Other than this snag, I'm very happy with using Girder4 for home automation. I'm using a Java cell phone with bluetooth to remote control all of my appliances through Girder. It's very nice to be rid of all the regular remotes on the living room table, leaving just the cell phone.

Unfortunately, people get a bit annoyed when the remote stops working because of this error.
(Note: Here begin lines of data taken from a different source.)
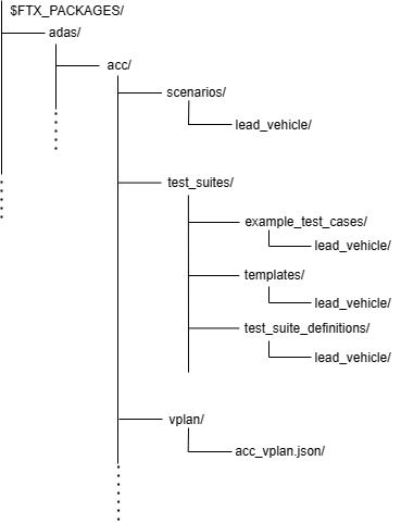 The Adaptive Cruise Control (ACC) Lead vehicle library components are located in $FTX_PACKAGES/adas/acc/scenarios/lead_vehicle as shown in Figure 1.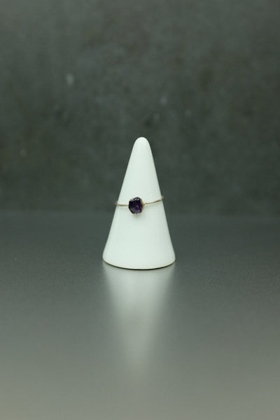 The amethyst stone measures approximately 6mm long, 4mm wide, and 4mm tall. Wear it alone for an elegant touch or stack it with others.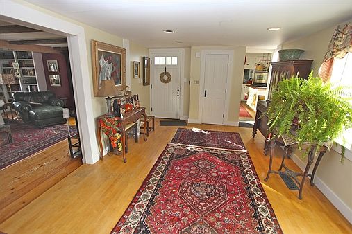 This renovated updated expanded Cape overlooks a scenic mill pond fed by a lovely brook. Glorious light & sunshine streams into south facing windows. Chefs in the family will love the gourmet kitchen. Enjoy coffee in the breakfast room. Entertain lavishly in the formal dining room adjacent to the library/music room. Get cozy in winter by the crackling fire in the reading room which opens to a home office. Indulge your green thumb in the solar heated sunroom/greenhouse. Upstairs master suite w/ample closets and luxurious spa-quality bath. Two more bedrooms share a bath. Expanded ell includes media room, pool table area & large home office. Upstairs artists loft or guest apartment w/2nd kitchen, 2 bedrooms, loft & deck overlooking the river. Garage and workshop under main house. Large separate barn for vehicles or animals & fenced paddock. A 5 minute walk to public swimming on Pleasant Lake.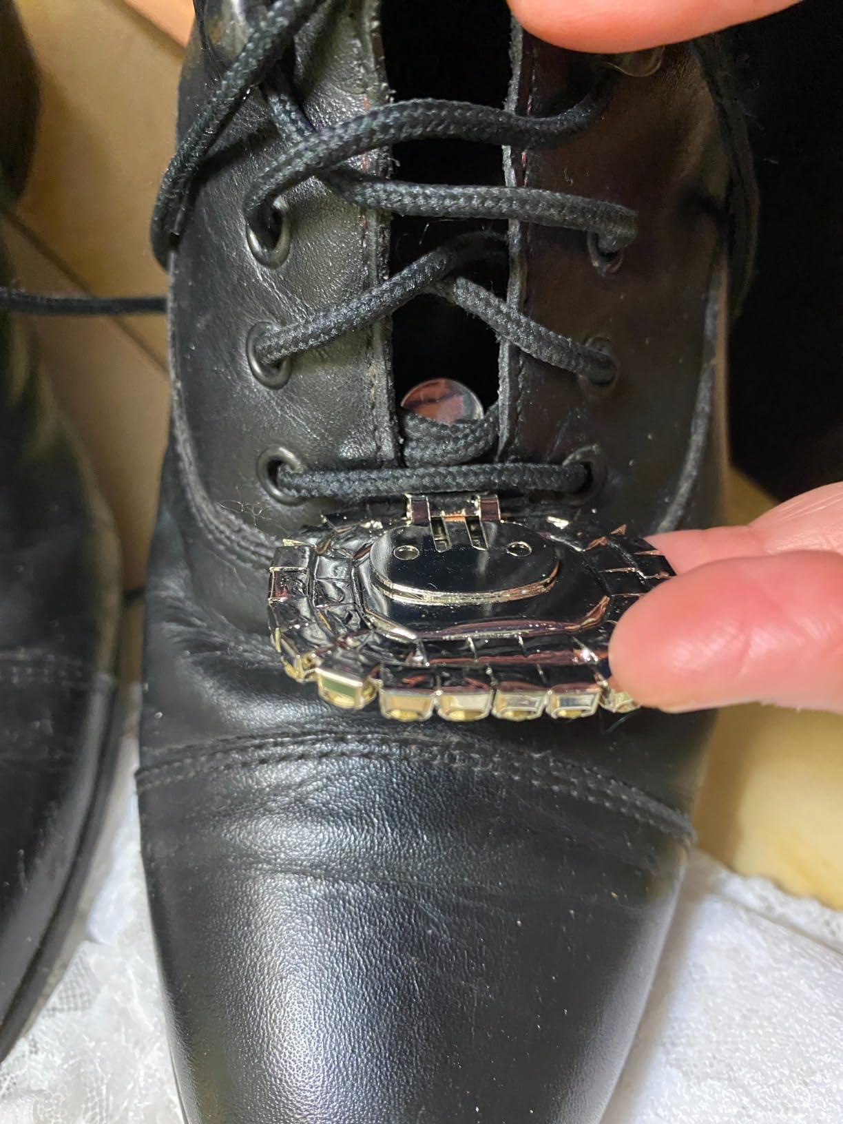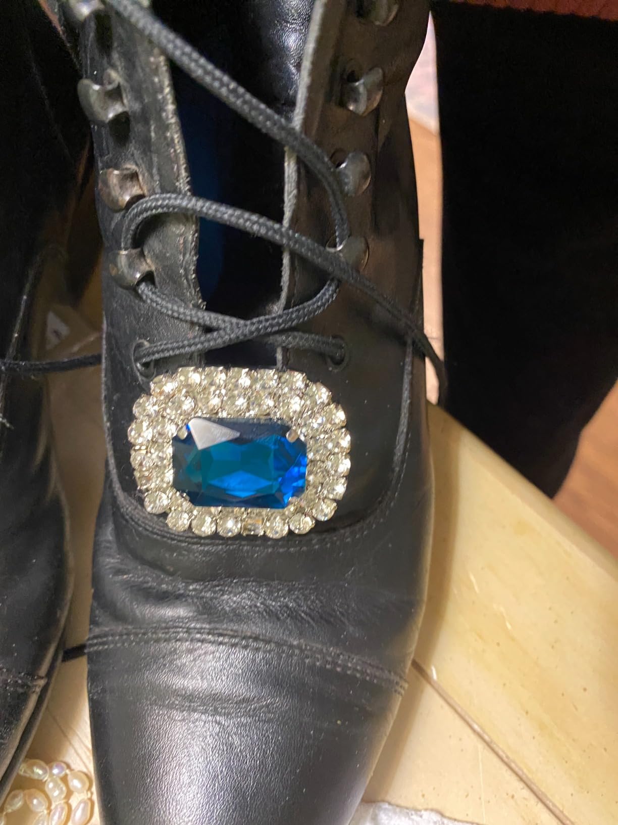 07-08-2025Bought the blue rhinestone clips. They are just as the pictures show, and the clip is strong. I actually am using them on a pair of lace up black boots, to put some color on them. I am doing presentations in an 18C gown, etc, and there are no shoes I can find that fit my feet comfortably. So... these ugly boots still work but they are incorrect for the period. The pair of clips do a good job of adding some better look to them and they are mostly hidden under the gown. lolAt any rate... the clips have to be placed over the bottom 2 laces, as these are not shoes. In case anyone wants to do that too... it works fine and the clips are in quite firmly! You have to get the clip part under the top shoelace there, and the 2 that cross each other underneath that. Then it's secure. See pics. So for you lace up boot wearers - have at it! :) I'm sure they work perfectly for a normal pair of shoes too.Bought a red pair too, for my Christmas gown.

I would be very happy if someone could take a look at it.

Best regards,
Kjell Ronny Nilsen

Ron
March 16th, 2007, 07:42 PM
Hmmmm, I'll have to have a close look at this.

JohnHind
March 19th, 2007, 02:46 AM
Ron asked me to have a look at this as the author of this code.

First, thank you for an excellent problem report - the precision and attention to detail was worthy of Hari Seldon himself!

You are correct that the error handler for this callback (and one other similar one) should release the mutex - the attached version adds these, which should stop G2G blocking other Lua applications.

I have a hunch about what might cause the root problem and have made some changes to try to avoid this.

Could you please test this version, preferably keep "Show diagnostic messages" ticked so you can see if errors are still being trapped.

- John

kjellrni
March 19th, 2007, 07:46 AM
Thank you, Ron and John!

I feel deeply honored to be compared to Hari Seldon, the last great scientist of the First Empire! :-D Seriously though, as a fellow sw developer I know how important the accuracy and completeness of bug reports are.

I'll replace Girder2Girder.lua on both computers and report back - hopefully in a few weeks, after I'm convinced the problem is gone!

KR

kjellrni
April 25th, 2007, 07:08 AM
It has now gone almost five weeks, and I can with joy say that the problem has not shown itself.

I have had Girder2Girder diagnostic messages enabled, and I have regularly checked the lua output. No error messages have shown up, regarding mutexes or anything else. Just regular debug info from G2G.

I'm pretty confident the problem is fixed, but to be absolutely sure I will keep checking the output for a few more weeks.

Thank you John and the rest of the Girder team for creating such a great product!